Stored data entries:

"""

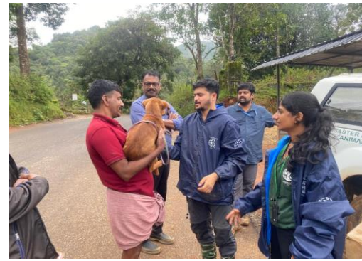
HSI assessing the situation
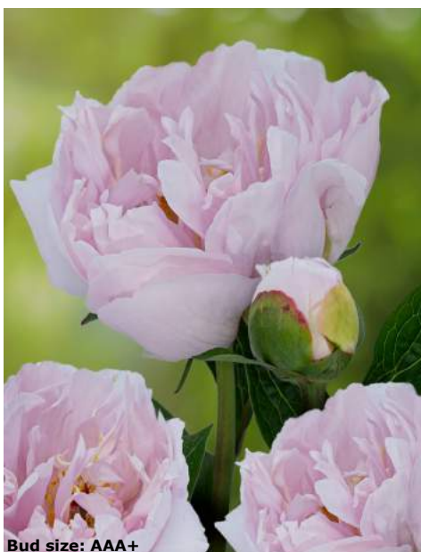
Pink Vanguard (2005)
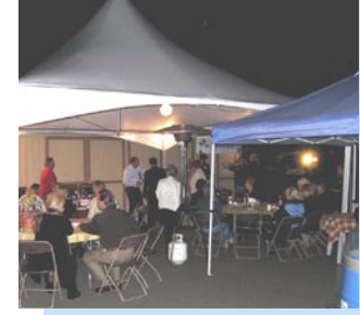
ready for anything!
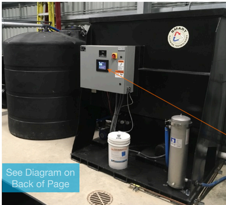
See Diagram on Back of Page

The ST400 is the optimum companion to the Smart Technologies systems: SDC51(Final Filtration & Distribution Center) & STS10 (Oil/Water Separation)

"""
"""

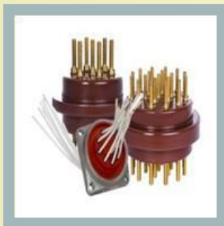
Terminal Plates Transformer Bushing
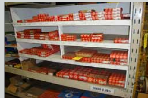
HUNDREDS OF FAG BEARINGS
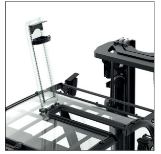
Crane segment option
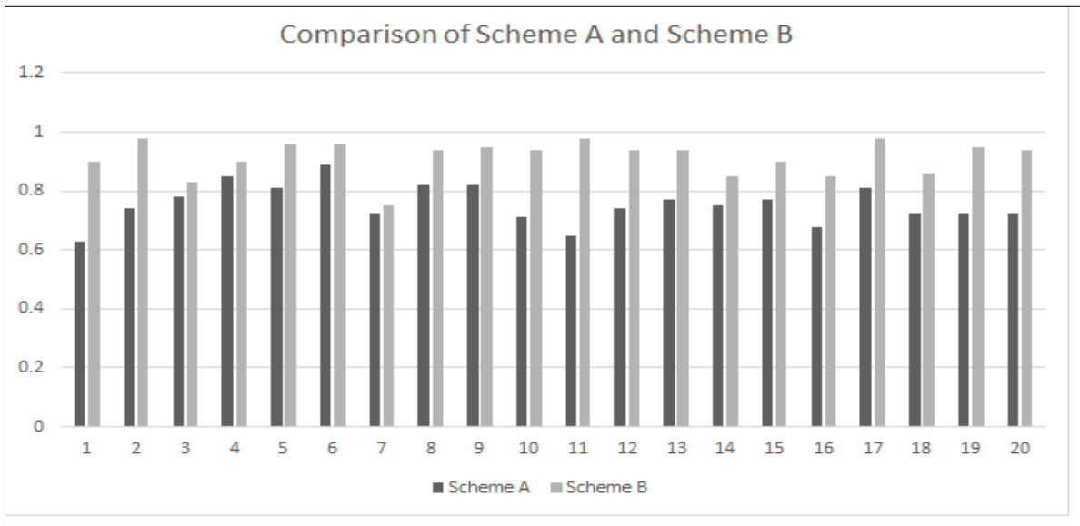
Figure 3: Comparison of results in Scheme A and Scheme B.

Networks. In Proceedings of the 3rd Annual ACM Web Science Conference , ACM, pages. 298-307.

"""

**Work task:** All pictures are to be skipped. Output, word for word, the lines in the data above starting at the line containing "HSI assessing the situation" and ending at the line containing "The ST400 is".

**Answer to this exercise:**
HSI assessing the situation
Pink Vanguard (2005)
ready for anything!
See Diagram on Back of Page

The ST400 is the optimum companion to the Smart Technologies systems: SDC51(Final Filtration & Distribution Center) & STS10 (Oil/Water Separation)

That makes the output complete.